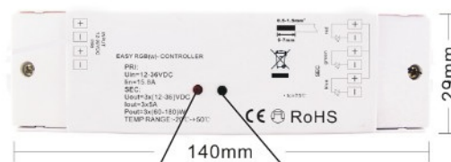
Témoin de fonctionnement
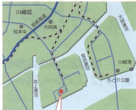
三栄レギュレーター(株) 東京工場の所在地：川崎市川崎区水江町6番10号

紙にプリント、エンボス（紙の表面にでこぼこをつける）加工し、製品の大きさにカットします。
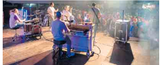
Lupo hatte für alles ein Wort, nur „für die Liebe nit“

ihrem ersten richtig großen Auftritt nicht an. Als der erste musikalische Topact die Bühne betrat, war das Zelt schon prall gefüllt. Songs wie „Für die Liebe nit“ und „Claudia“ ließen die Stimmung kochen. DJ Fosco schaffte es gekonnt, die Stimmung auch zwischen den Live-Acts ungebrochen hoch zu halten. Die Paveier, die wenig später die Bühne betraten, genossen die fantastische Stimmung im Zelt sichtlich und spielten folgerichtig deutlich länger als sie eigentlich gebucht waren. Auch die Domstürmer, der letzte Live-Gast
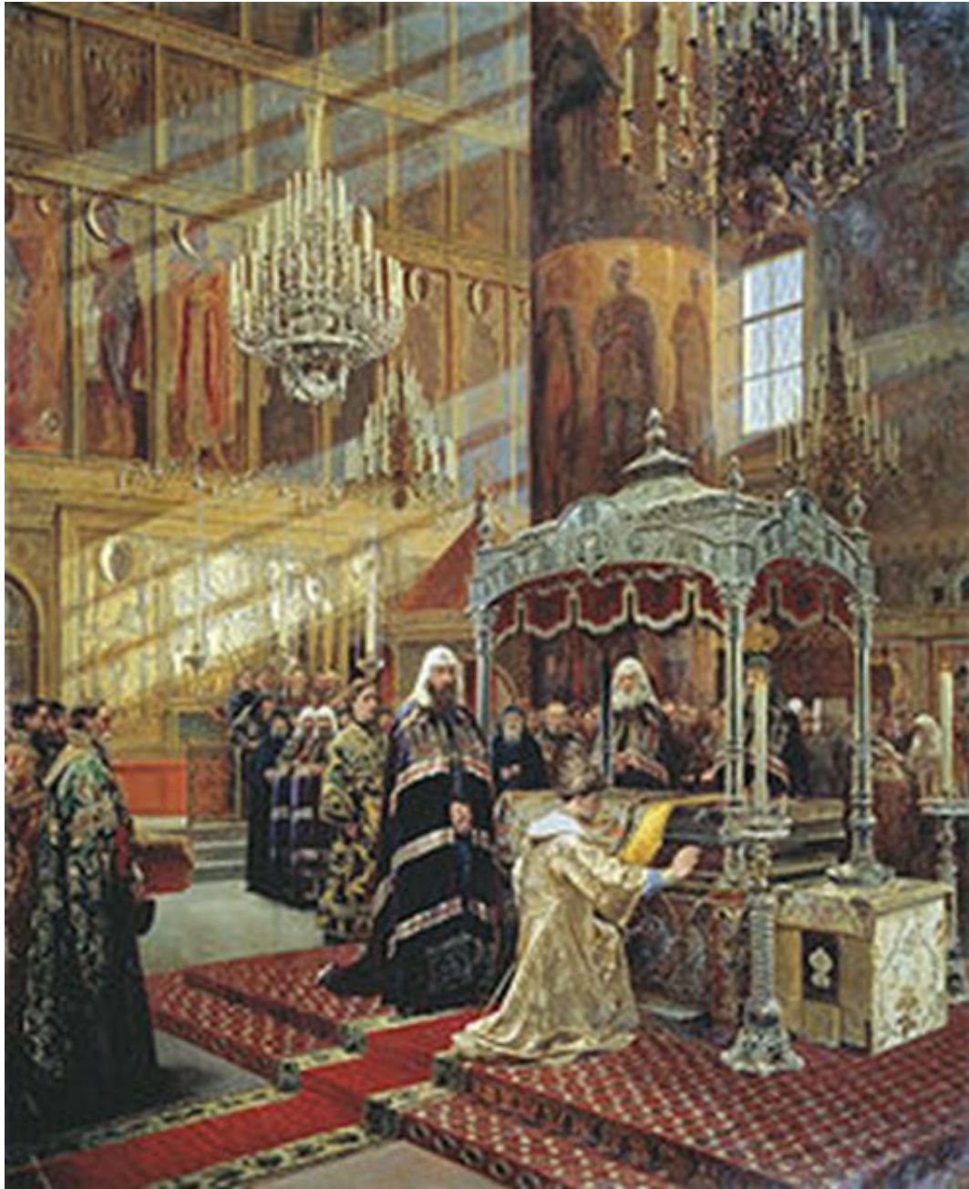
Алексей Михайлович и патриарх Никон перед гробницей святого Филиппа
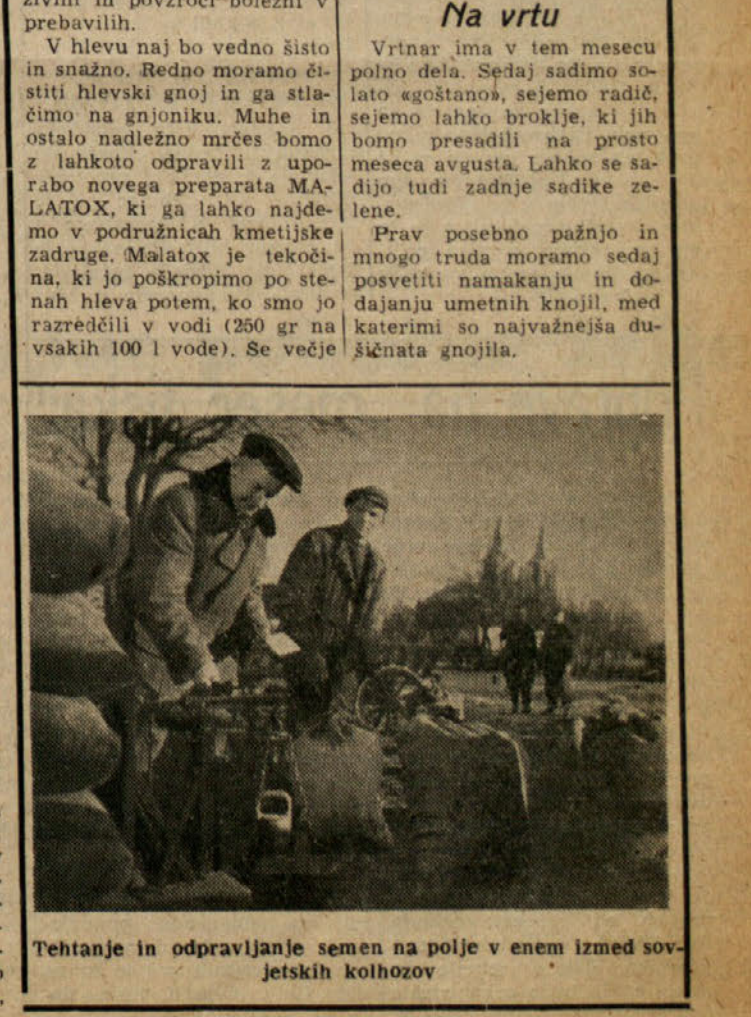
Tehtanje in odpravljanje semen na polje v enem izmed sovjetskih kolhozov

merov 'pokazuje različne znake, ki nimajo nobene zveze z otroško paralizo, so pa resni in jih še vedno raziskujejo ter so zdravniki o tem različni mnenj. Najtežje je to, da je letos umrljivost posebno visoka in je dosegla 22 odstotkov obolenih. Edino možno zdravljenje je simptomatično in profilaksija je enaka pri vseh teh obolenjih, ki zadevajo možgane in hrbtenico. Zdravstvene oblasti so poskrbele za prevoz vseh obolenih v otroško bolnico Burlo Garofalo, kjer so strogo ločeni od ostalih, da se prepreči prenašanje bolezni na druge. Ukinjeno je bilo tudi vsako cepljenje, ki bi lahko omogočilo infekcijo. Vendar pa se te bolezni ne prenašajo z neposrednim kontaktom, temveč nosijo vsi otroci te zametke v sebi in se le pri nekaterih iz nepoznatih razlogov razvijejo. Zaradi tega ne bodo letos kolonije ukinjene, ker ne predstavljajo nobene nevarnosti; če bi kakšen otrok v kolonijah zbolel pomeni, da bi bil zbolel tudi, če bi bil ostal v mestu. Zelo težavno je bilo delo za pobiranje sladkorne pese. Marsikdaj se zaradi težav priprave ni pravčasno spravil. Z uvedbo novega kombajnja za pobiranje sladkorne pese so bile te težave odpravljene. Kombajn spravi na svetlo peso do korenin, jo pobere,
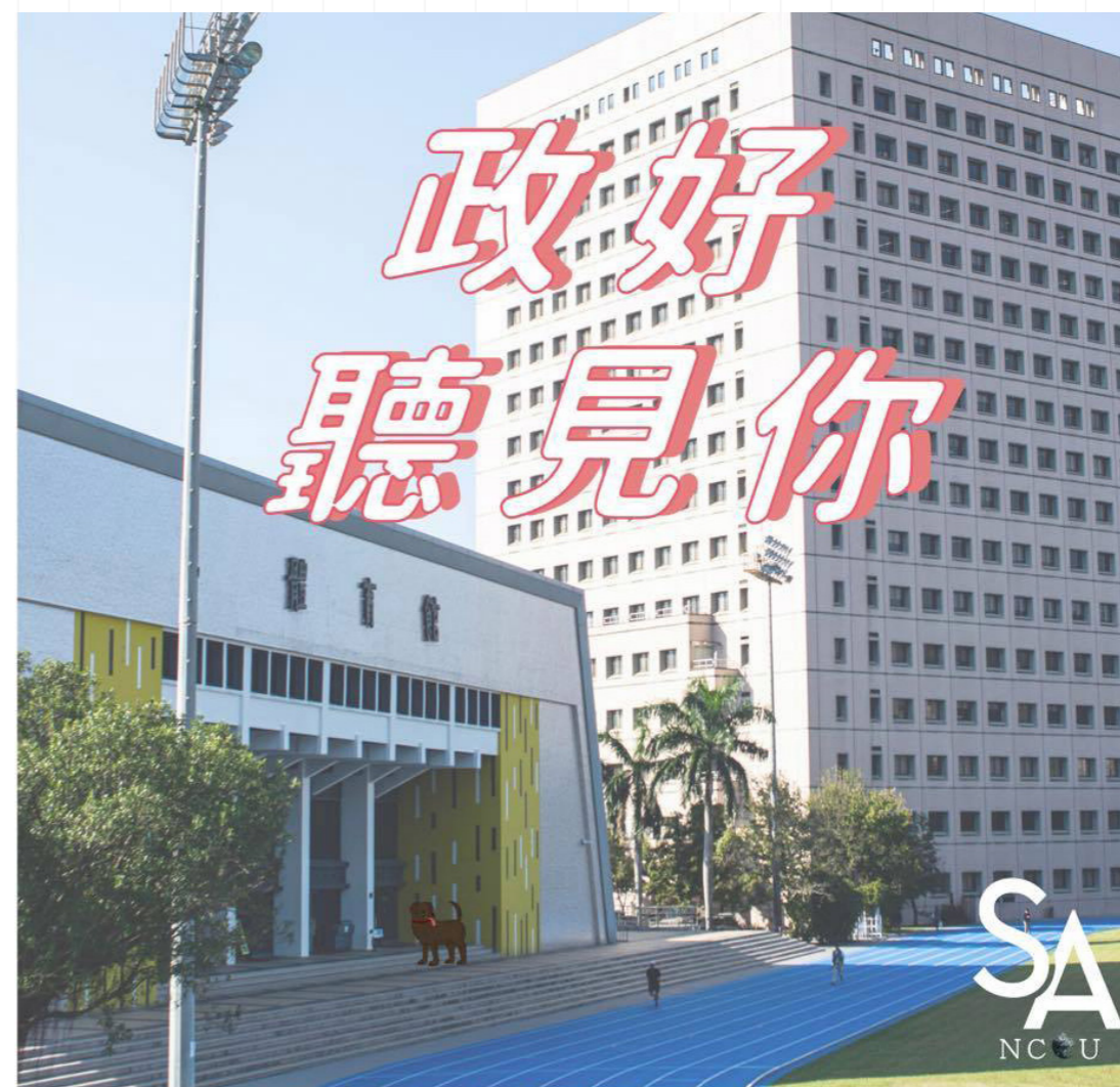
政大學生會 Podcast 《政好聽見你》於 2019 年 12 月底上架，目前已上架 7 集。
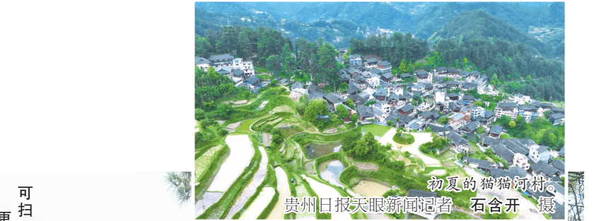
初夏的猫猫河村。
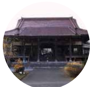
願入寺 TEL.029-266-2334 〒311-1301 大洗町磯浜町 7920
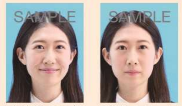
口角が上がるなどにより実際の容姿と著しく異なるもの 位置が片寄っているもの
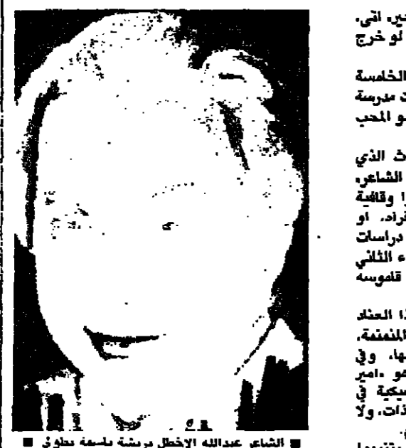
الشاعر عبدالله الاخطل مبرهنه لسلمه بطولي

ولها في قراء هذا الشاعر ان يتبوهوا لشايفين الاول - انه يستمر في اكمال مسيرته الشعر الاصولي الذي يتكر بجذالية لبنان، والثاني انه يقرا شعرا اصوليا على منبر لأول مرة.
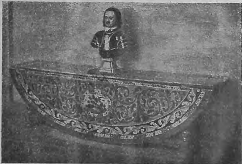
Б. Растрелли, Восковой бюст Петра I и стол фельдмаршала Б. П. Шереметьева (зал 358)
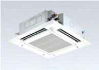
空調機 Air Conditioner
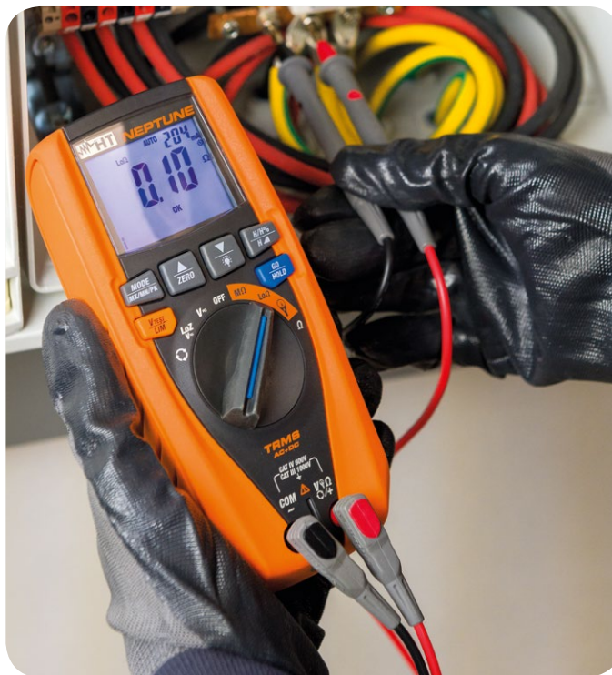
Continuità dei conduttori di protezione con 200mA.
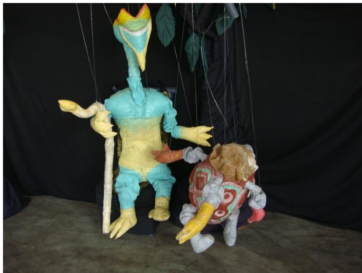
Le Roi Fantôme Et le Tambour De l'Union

= TASK TO COMPLETE =
Scan the material above for the string "Liebe", and copy every line where it is found.

= ANSWER AREA =
Lupo hatte für alles ein Wort, nur „für die Liebe nit“
ihrem ersten richtig großen Auftritt nicht an. Als der erste musikalische Topact die Bühne betrat, war das Zelt schon prall gefüllt. Songs wie „Für die Liebe nit“ und „Claudia“ ließen die Stimmung kochen. DJ Fosco schaffte es gekonnt, die Stimmung auch zwischen den Live-Acts ungebrochen hoch zu halten. Die Paveier, die wenig später die Bühne betraten, genossen die fantastische Stimmung im Zelt sichtlich und spielten folgerichtig deutlich länger als sie eigentlich gebucht waren. Auch die Domstürmer, der letzte Live-Gast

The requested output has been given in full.